Nigeria In Nigeria—the most populous country in SSA—PC is disparately spread in centres across the country. Historically, PC development in western Africa has been secondary to developments in the eastern and southern parts of the continent, and this continues to be the case. This is due mainly to the relatively low HIV prevalence, which meant that the region did not qualify to receive funding from the US President’s Emergency Plan for AIDS Relief (PEPFAR) in the early 2000s.32 Widespread interest in PC development in Nigeria emanated from the pain and suffering witnessed by concerned health professionals in patients with advanced cancer. Early efforts by the Hospice Nigeria team included an advocacy visit by Anne Merriman (the founder of Hospice Africa Uganda in 1993) which yielded little result as there was no opioid analgesics in the country to manage the associated cancer pain.33 The current movement that has resulted in establishment of holistic PC services across Nigeria commenced in 1996 with the Ibadan ‘Cancer pain group’.34 Concerted advocacy and other activities of the group facilitated importation of opioid analgesics by the Federal Ministry of Health for the management of severe pain by 2001 and morphine powder for oral morphine preparation by 2005.

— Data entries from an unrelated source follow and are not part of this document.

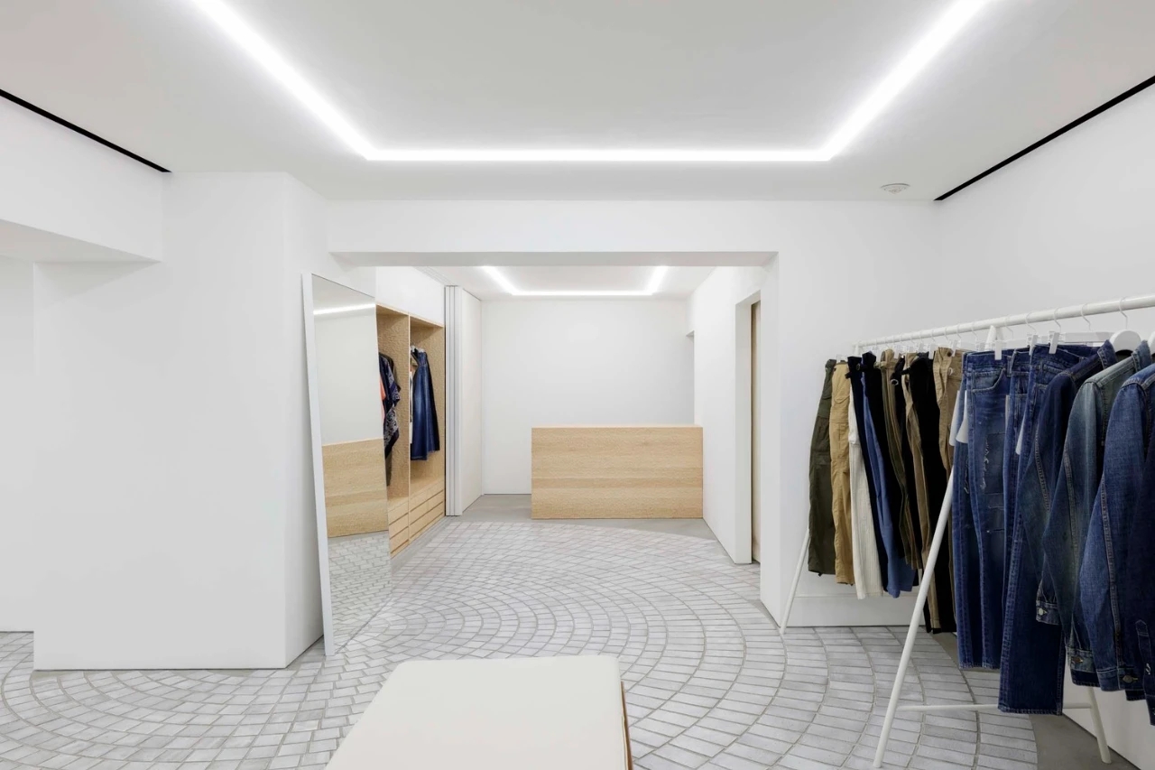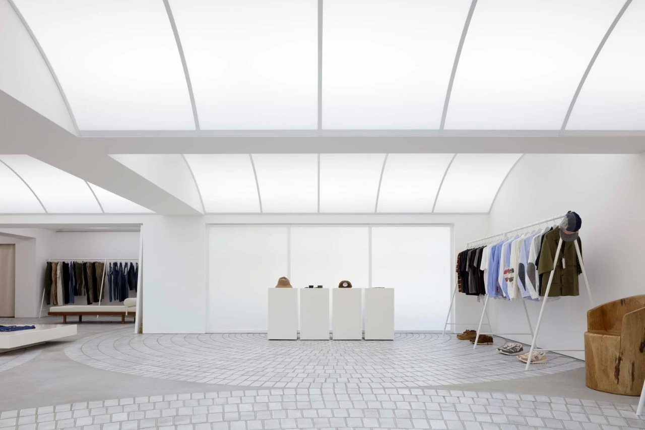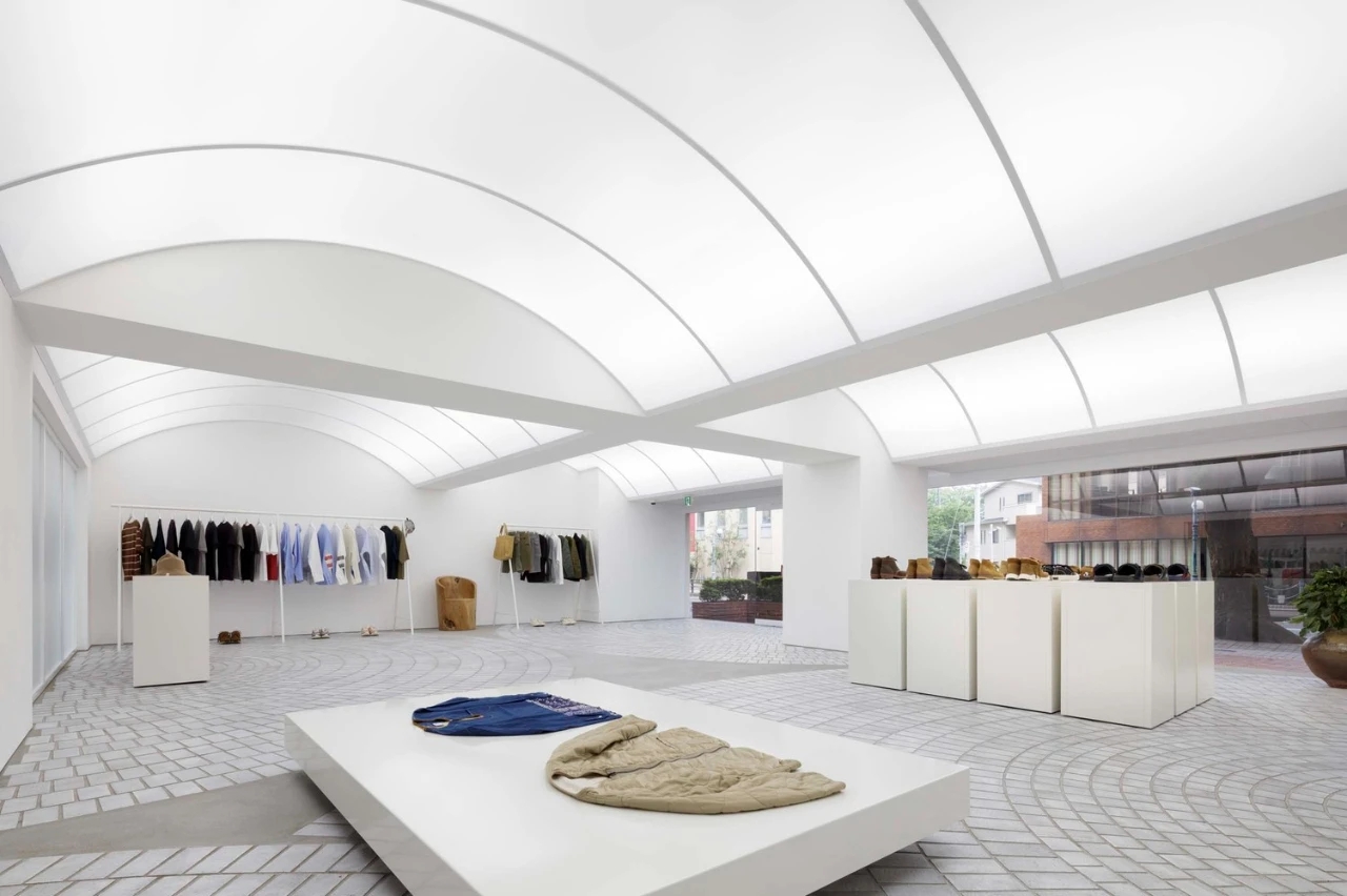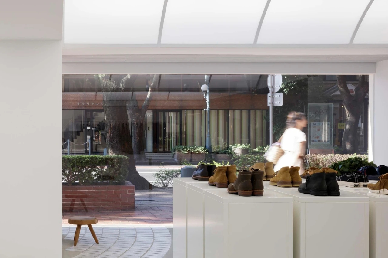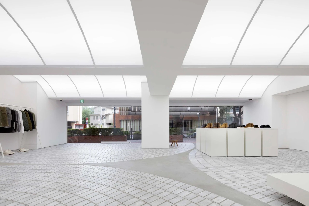 日本时尚品牌“ visvim”旗舰店的商店设计。商店面向宁静的街道,上面种满了一百棵采尔科娃(Zelkova)树木和砖砌人行道。沿着这条街站立的老式公寓与宁静的城市景观相匹配,附近还有由Kunio Mayekawa设计的博物馆,博物馆拥有优雅的拱形天花板和砖砌外墙.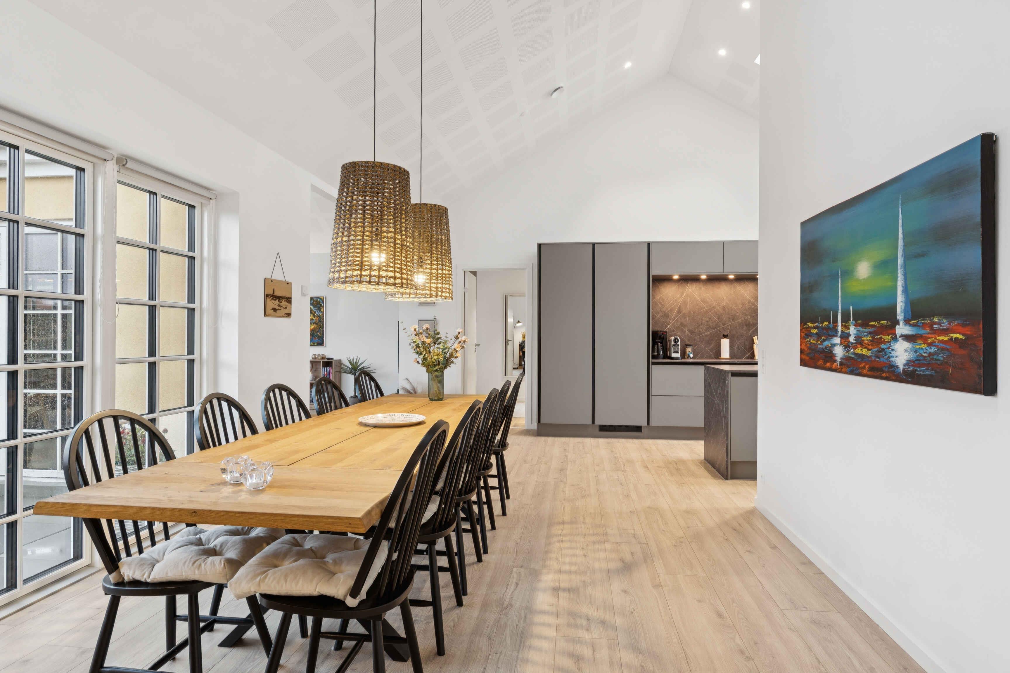 Verbringen Sie einen wunderbaren Urlaub in diesem hellen und geräumigen Ferienhaus im Herzen von Skagen. Das Ferienhaus verfügt über ein stilvoll eingerichtetes Wohn- und Esszimmer mit hochwertiger Ausstattung. Dank der hohen Decken ist es der perfekte Ort für einen entspannten Familienurlaub voller spannender Erlebnisse. Im modernen, offenen Küchenbereich können Sie köstliche Gerichte zubereiten und den Abend anschließend auf den weichen Sofas genießen. Vielleicht haben Sie Lust auf eine Runde Brettspiele am großen Esstisch, begleitet von Snacks. Auf der großzügigen Terrasse lassen sich Sommerabende beim Grillen und mit leckeren Drinks in guter Gesellschaft wunderbar verbringen. Durch die zentrale Lage des Hauses können Sie die vielen Attraktionen von Skagen ganz leicht entdecken. Besuchen Sie das Skagens Museum und tauchen Sie ein in die Welt der berühmten Skagen-Maler. Machen Sie einen Ausflug nach Grenen und erleben Sie das einzigartige Naturphänomen, bei dem sich Nordsee und Ostsee treffen. Ziehen Sie feste Schuhe an und unternehmen Sie einen Spaziergang durch die beeindruckende Dünenlandschaft entlang des wunderschönen Sandstrands.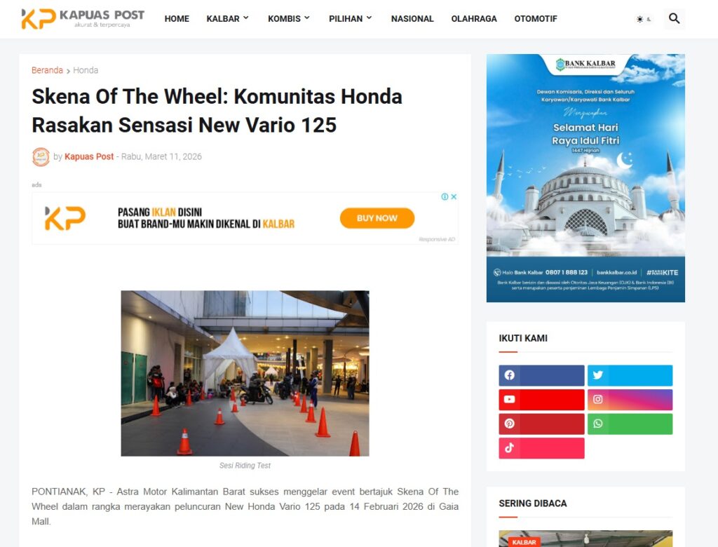Skena Of The Wheel: Komunitas Honda Rasakan Sensasi New Vario 125 by Muhammad Arif 11 Maret 2026 in Silahkan kunjungi https://www.kapuaspost.web.id/2026/03/skena-of-wheel-komunitas-honda-rasakan.html. Tags: astra Astra Motor kalbar Astra Motor Pontianak astramotor honda kalbar pontianak sepeda motor You Might Like Regional Public Launching New ADV160 The SUV Pride Grand Launching New PCX 160 Truly Exceptional! Tetap hati-hati ya bro sist berkendara saat hujan.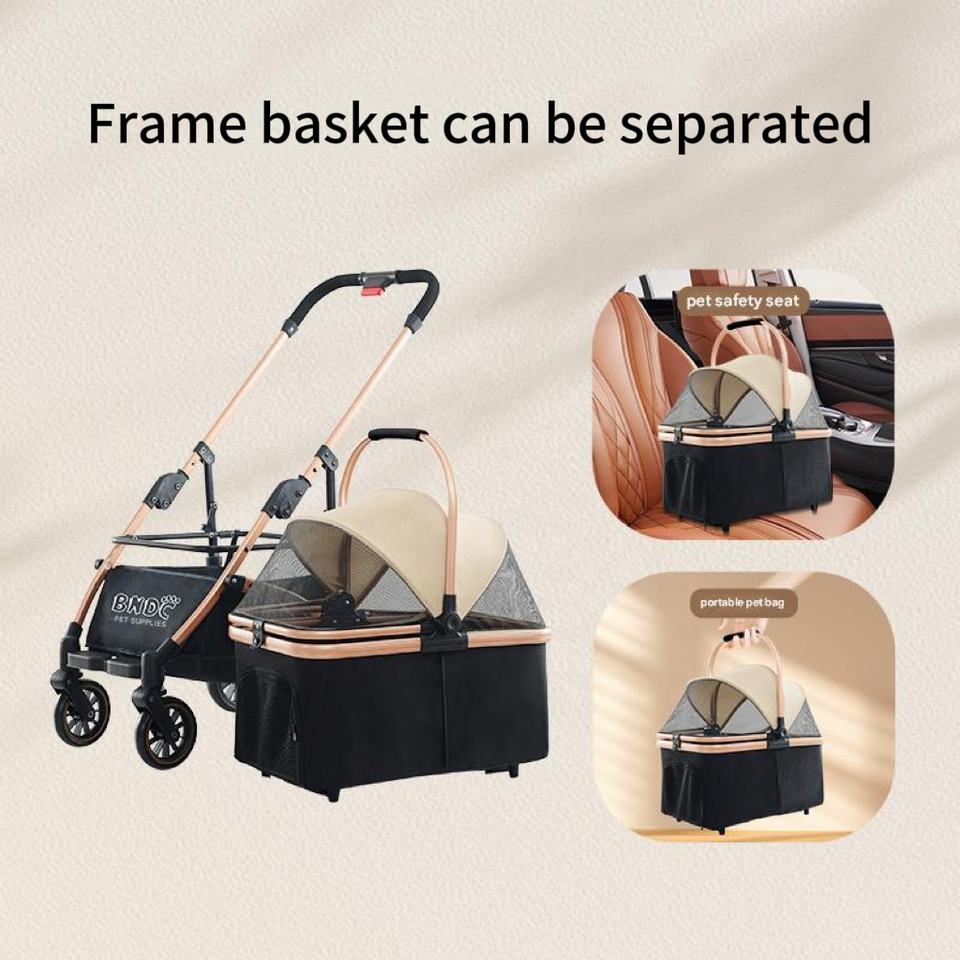 High Quality Luxury 4 Wheel Lager Capacity Twin Pet Stroller Detachable Carrier Dog Cat Carrier Outdoor Travel Trolley

The first PC team was founded in 2003 at Ibadan, providing both hospital-based and home-based services,32 and the Hospice and PC Association of Nigeria was created in 2007. Members, most of whom received PC initiator’s training at Hospice Africa, Uganda, function as individuals or teams across the six geopolitical areas of the country. Home-based PC continues as a very important form of PC delivery, with evidence of its benefits to patients and their families.35 Some aspects of PC are now included in the national guidelines for HIV and AIDS treatment and care in adolescents and adults (2012) as well as the national cancer control plan of the Federal Ministry of Health (2018–2022).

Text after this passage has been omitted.